Task statement:
Starting at the line that contains "Robert Young signed" and stopping after the line that contains "Ключ трещотка, Bartex, 250", transcribe the listing below exactly; do not include any pictures.

Recorded information:

■ ■ ■ ■ ■

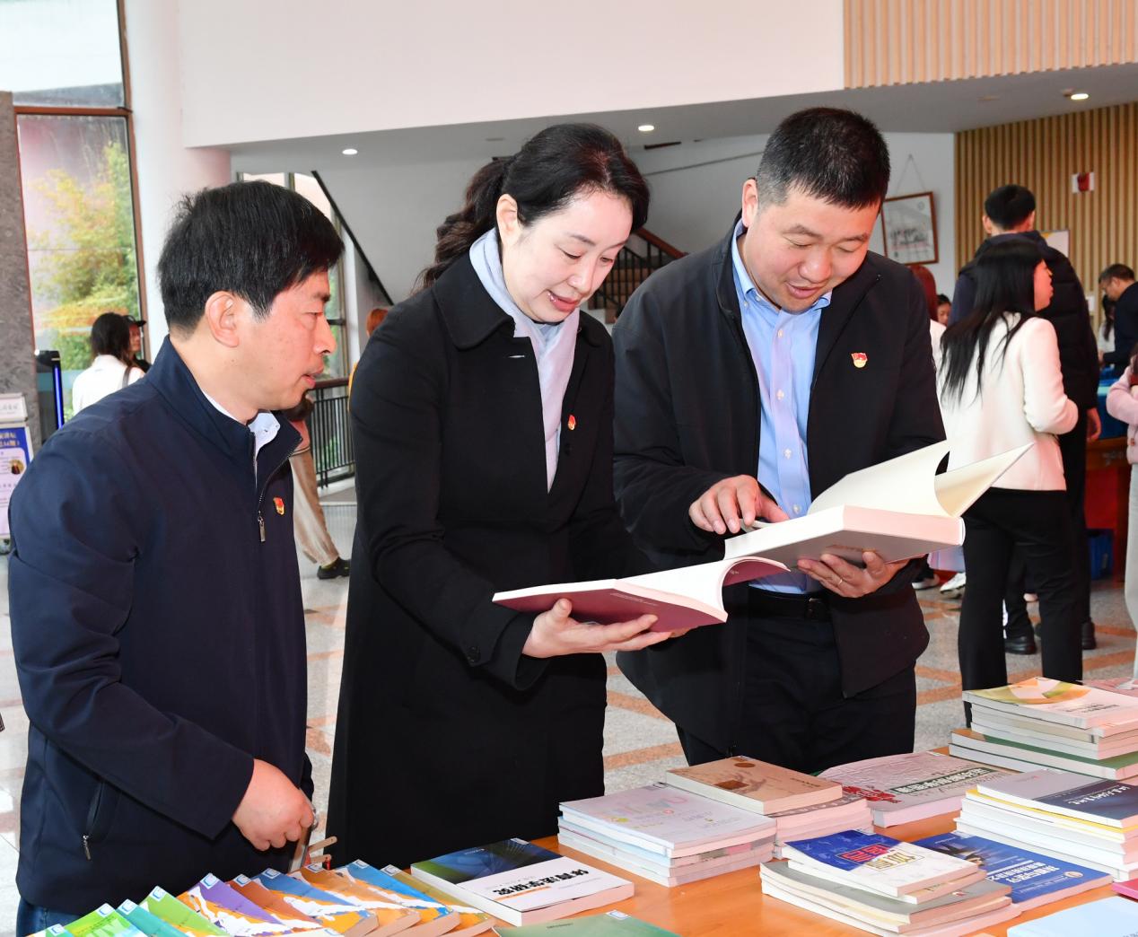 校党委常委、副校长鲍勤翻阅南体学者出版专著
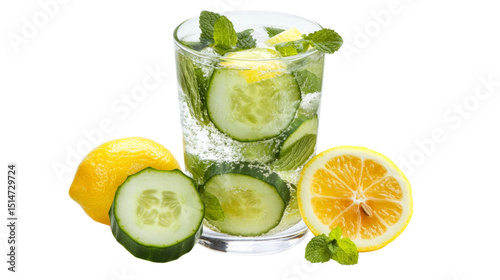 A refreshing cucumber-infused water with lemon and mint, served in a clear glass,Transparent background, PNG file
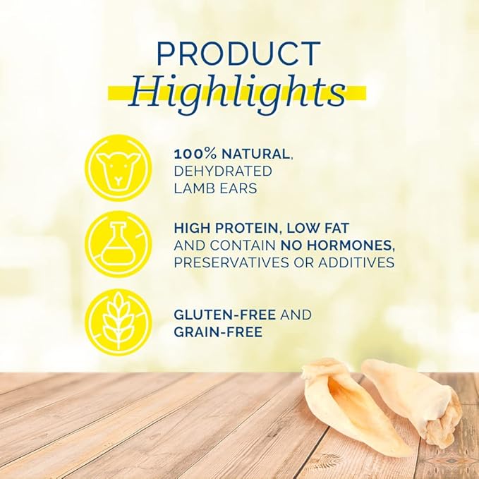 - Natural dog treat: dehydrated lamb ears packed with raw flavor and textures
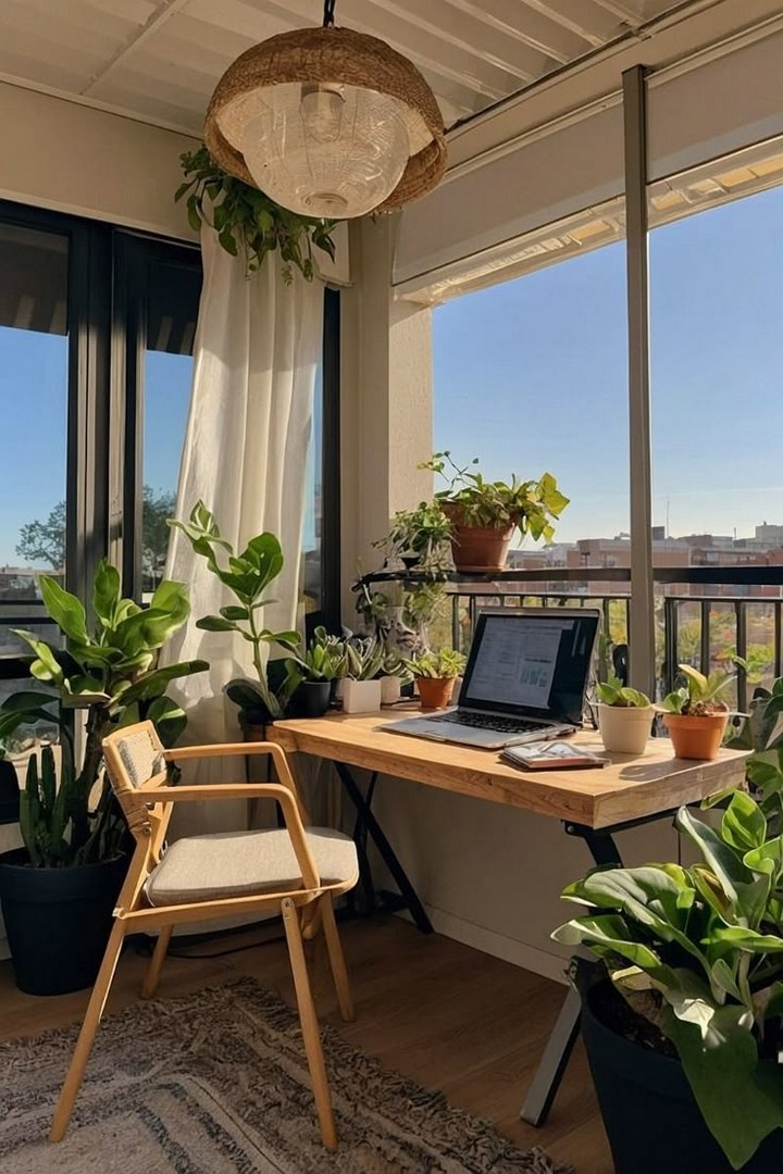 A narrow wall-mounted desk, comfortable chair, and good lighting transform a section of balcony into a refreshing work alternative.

■ ■ ■ ■ ■

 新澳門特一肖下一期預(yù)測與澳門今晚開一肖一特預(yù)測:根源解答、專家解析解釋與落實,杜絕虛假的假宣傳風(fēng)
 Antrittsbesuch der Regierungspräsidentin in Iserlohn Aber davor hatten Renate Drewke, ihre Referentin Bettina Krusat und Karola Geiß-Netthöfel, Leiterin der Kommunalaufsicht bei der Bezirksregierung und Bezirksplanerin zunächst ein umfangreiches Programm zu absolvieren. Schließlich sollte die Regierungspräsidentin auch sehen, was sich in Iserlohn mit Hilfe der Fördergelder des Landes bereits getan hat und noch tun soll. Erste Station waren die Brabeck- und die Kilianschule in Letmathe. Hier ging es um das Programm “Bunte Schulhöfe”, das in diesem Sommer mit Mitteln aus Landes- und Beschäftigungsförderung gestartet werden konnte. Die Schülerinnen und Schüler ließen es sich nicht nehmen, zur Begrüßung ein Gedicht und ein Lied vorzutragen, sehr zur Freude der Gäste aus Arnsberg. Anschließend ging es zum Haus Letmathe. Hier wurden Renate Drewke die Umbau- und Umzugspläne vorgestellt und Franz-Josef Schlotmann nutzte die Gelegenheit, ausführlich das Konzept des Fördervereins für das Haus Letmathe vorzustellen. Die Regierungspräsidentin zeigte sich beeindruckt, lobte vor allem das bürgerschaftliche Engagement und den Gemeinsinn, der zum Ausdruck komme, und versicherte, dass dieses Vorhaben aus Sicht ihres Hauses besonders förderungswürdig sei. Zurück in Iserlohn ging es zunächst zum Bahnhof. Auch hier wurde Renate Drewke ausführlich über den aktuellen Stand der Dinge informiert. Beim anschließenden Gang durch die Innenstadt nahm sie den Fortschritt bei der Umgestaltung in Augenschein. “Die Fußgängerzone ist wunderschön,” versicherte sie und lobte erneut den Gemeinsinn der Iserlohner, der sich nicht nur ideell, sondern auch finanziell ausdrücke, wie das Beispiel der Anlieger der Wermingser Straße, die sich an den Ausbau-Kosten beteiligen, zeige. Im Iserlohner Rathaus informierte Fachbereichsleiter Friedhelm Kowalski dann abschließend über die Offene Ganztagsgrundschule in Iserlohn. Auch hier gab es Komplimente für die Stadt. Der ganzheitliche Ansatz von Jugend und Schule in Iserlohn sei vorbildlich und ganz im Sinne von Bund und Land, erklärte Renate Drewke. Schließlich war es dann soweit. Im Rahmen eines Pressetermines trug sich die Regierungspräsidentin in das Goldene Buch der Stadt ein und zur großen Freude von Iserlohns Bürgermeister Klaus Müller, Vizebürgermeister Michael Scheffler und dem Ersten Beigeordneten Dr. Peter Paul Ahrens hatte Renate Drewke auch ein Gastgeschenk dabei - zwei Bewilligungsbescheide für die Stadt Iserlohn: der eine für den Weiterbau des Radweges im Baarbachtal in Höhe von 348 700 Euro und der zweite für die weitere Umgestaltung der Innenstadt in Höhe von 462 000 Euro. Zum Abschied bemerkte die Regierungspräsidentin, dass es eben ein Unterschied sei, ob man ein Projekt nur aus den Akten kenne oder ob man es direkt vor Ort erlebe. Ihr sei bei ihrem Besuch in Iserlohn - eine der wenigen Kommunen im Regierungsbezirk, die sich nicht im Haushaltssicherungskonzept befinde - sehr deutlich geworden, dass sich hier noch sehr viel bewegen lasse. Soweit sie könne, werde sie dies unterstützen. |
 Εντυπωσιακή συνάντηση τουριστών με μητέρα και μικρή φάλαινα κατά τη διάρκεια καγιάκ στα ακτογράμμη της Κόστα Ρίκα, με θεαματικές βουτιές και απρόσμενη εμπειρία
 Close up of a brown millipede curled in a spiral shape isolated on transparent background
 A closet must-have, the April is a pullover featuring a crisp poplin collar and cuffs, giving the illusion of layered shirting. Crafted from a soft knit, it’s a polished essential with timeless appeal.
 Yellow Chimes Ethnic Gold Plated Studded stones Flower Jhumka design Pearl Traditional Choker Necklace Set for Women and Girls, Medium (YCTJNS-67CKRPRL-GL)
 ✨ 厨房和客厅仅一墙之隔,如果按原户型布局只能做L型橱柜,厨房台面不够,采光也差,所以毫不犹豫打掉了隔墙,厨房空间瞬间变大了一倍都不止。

■ ■ ■ ■ ■

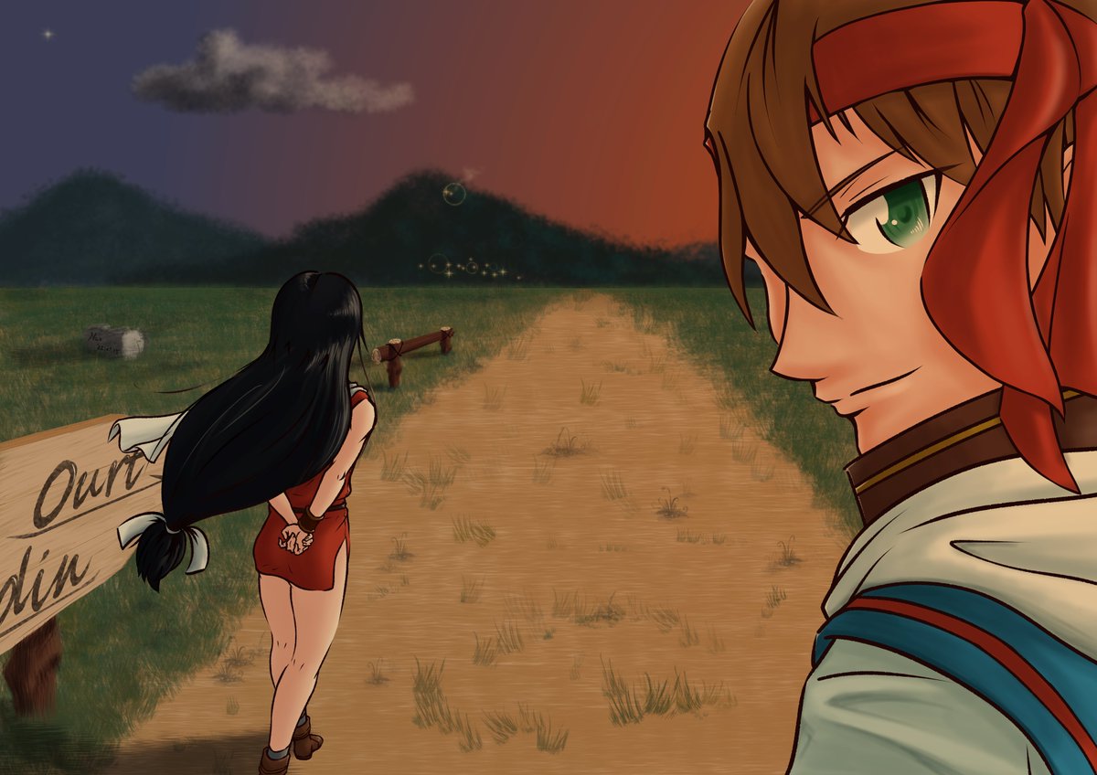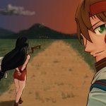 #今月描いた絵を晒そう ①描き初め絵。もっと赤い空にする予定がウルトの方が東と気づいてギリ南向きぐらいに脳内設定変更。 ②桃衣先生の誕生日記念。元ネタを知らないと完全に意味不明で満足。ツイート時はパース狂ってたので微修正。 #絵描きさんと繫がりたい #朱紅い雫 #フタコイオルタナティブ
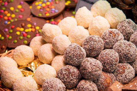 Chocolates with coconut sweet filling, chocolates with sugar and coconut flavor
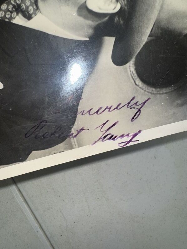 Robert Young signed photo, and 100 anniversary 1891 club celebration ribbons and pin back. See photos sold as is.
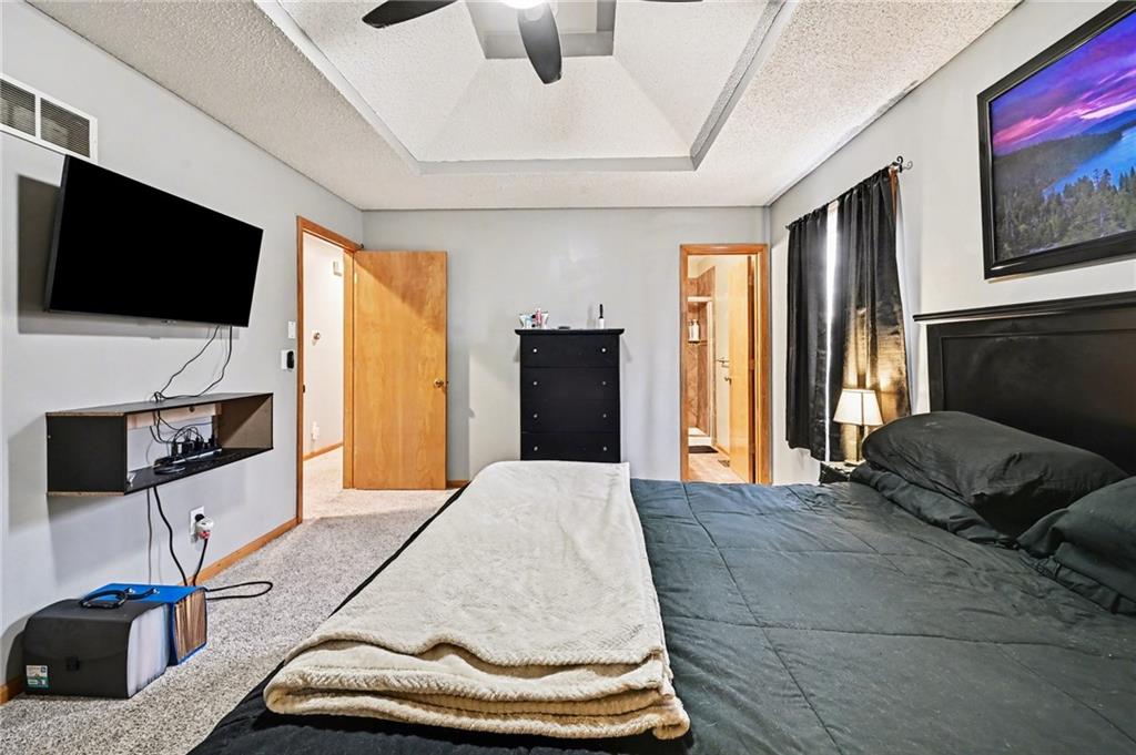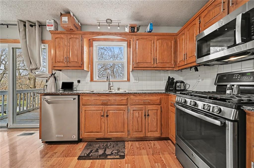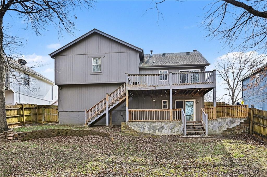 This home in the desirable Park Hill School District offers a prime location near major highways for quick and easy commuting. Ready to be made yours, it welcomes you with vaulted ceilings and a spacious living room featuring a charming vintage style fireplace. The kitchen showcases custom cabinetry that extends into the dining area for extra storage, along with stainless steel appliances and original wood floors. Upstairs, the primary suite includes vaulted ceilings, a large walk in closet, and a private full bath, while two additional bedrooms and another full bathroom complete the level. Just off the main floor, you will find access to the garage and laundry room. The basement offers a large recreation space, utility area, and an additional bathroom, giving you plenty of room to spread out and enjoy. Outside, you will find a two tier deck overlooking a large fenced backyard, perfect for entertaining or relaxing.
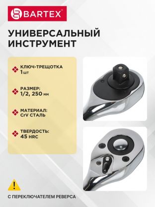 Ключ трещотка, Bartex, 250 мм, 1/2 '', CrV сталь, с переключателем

■ ■ ■ ■ ■

Finished task:
 Robert Young signed photo, and 100 anniversary 1891 club celebration ribbons and pin back. See photos sold as is.
 This home in the desirable Park Hill School District offers a prime location near major highways for quick and easy commuting. Ready to be made yours, it welcomes you with vaulted ceilings and a spacious living room featuring a charming vintage style fireplace. The kitchen showcases custom cabinetry that extends into the dining area for extra storage, along with stainless steel appliances and original wood floors. Upstairs, the primary suite includes vaulted ceilings, a large walk in closet, and a private full bath, while two additional bedrooms and another full bathroom complete the level. Just off the main floor, you will find access to the garage and laundry room. The basement offers a large recreation space, utility area, and an additional bathroom, giving you plenty of room to spread out and enjoy. Outside, you will find a two tier deck overlooking a large fenced backyard, perfect for entertaining or relaxing.
 Ключ трещотка, Bartex, 250 мм, 1/2 '', CrV сталь, с переключателем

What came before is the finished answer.